* Extracted information
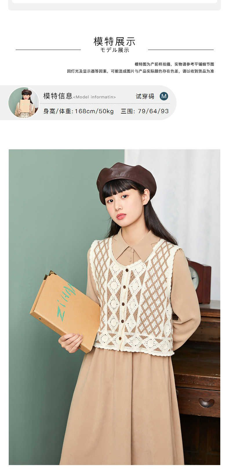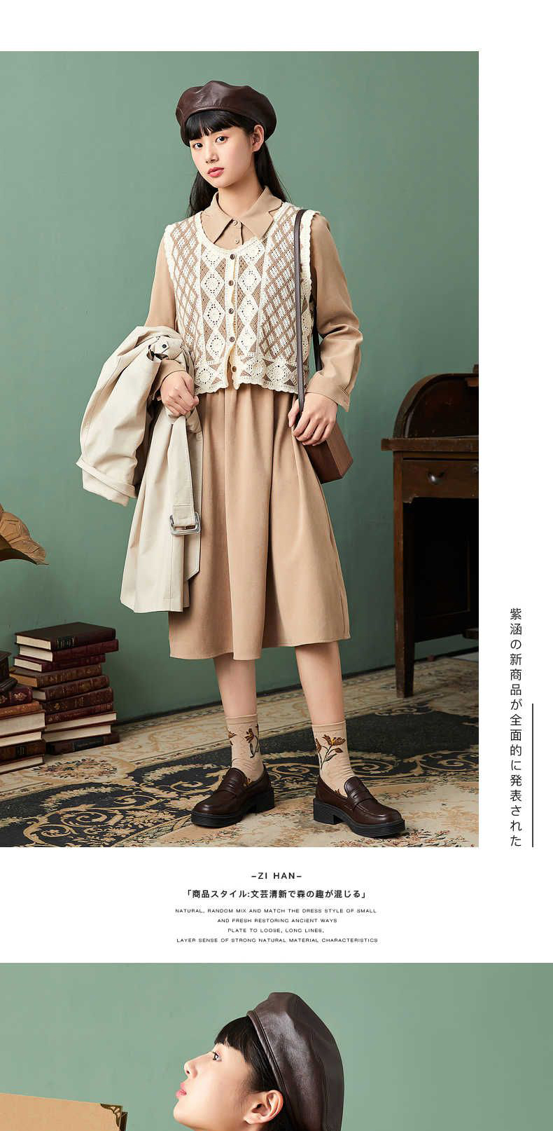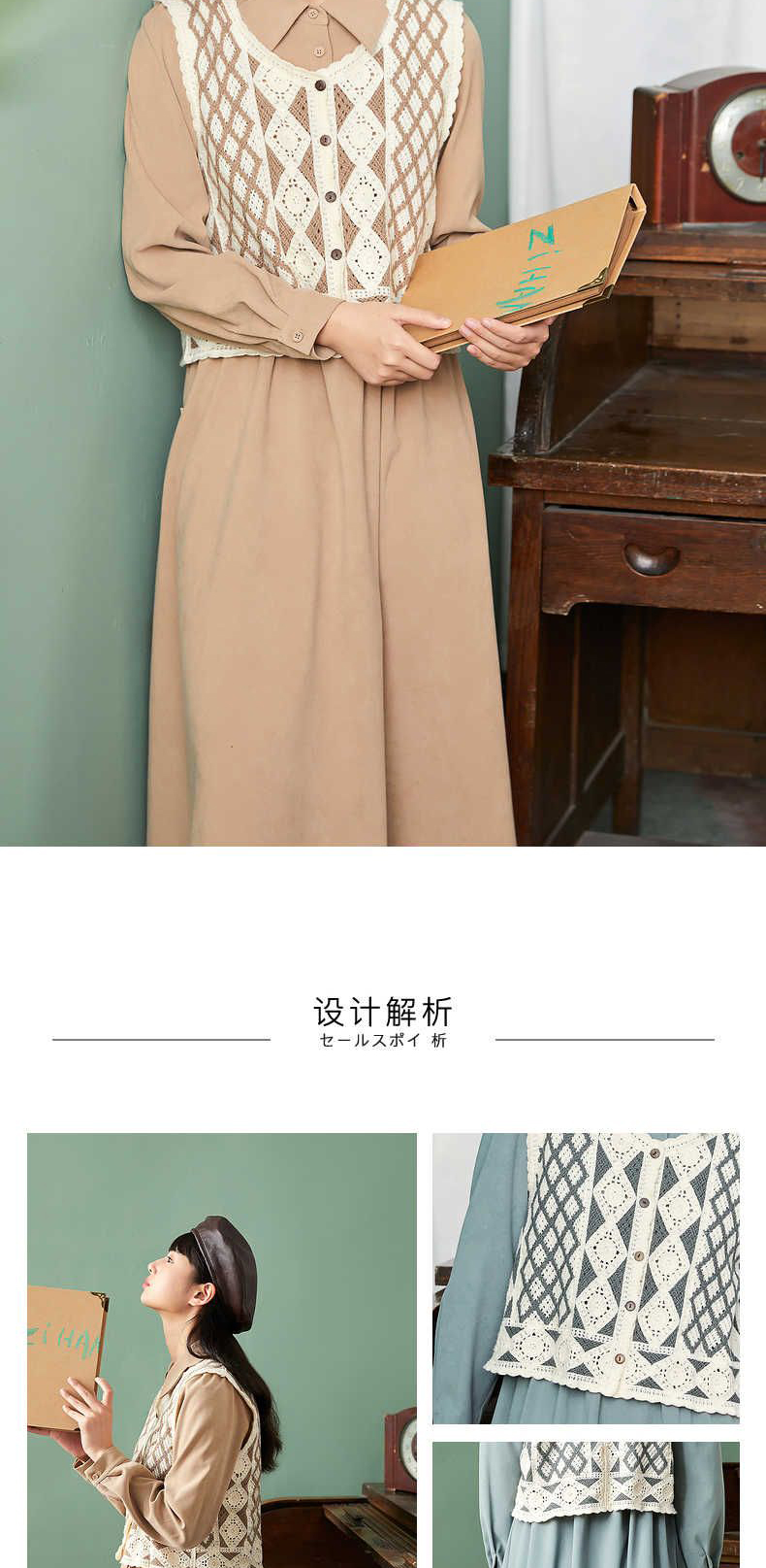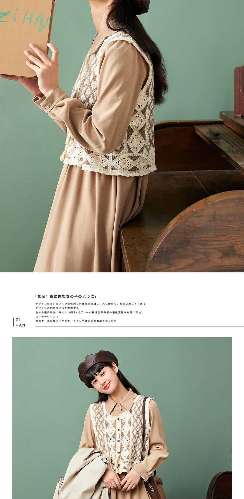 ZIHAN紫涵森系仙女连衣裙套装2022春季新款森系翻领裙子勾花马甲两件套Z2Z01AS138
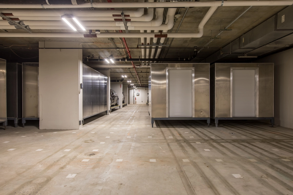 The automated storage system followed the same logic. Using the same robotic platform already in the building, ParkPlus integrated 20 storage pods into a dedicated delivery room — no additional mechanical systems required, no separate infrastructure to maintain. Residents get a finished, private storage amenity that the building’s footprint appeared to have no room for.
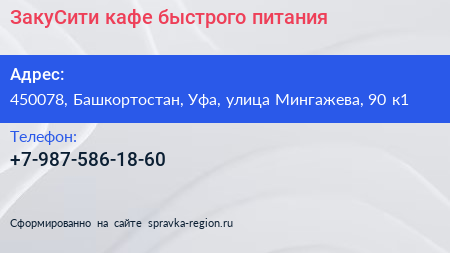 ЗакуСити, кафе быстрого питания по адресу 450078, Башкортостан, Уфа, улица Мингажева, 90 к1 в дальнейшем Организация, размещена в следующих категориях:
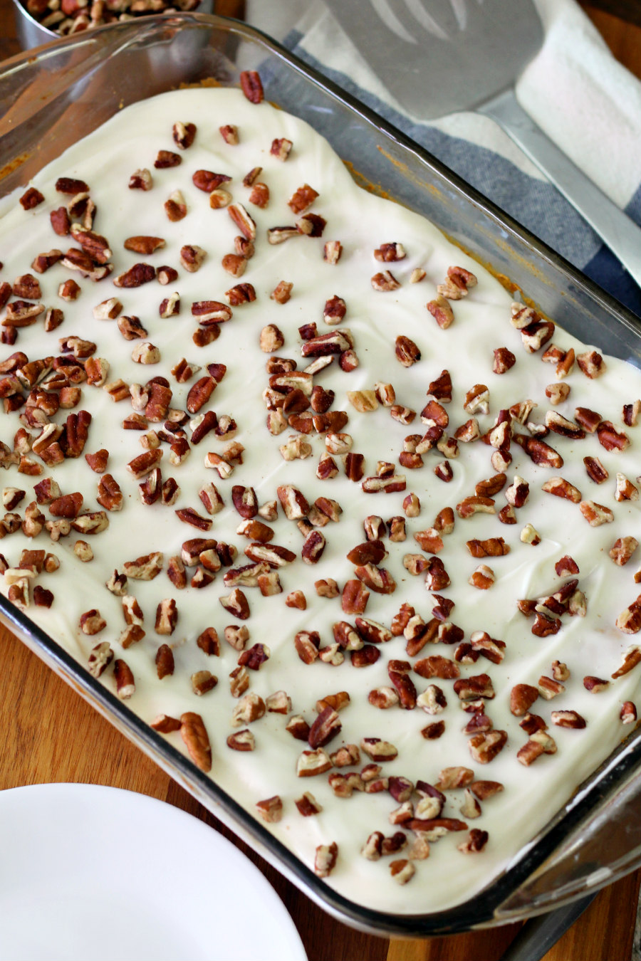 - Pour frosting over cake and spread evenly over top. Sprinkle with chopped pecans.
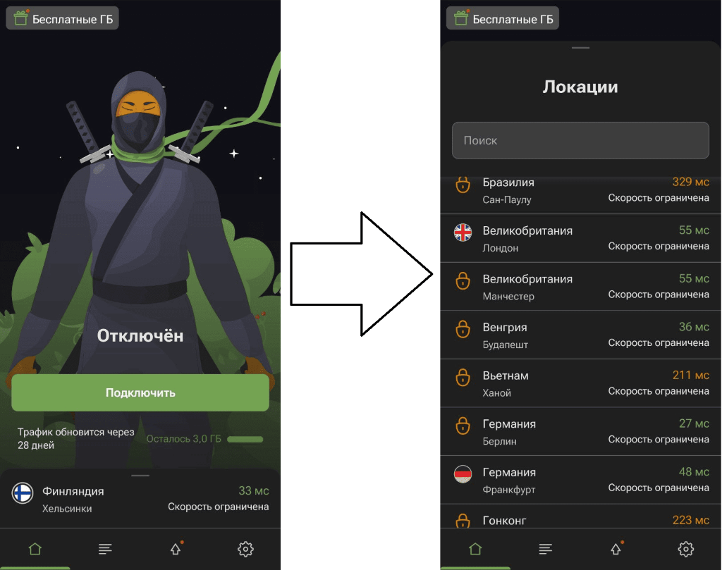 На главном экране AdGuard VPN отображается статус VPN-соединения («Отключен» или «Подключен»). Чтобы подключить, нажмите одноименную кнопку. Приложение автоматически подключится к серверу. Чтобы вручную изменить его, откройте шторку ниже (где название страны) и выберите нужную локацию.

* Task
Look through the material above. Transcribe exactly the lines between the ones with "ЗакуСити, кафе быстрого" and "- Pour frosting", inclusive, and keep pictures out.

* Result
 ЗакуСити, кафе быстрого питания по адресу 450078, Башкортостан, Уфа, улица Мингажева, 90 к1 в дальнейшем Организация, размещена в следующих категориях:
 - Pour frosting over cake and spread evenly over top. Sprinkle with chopped pecans.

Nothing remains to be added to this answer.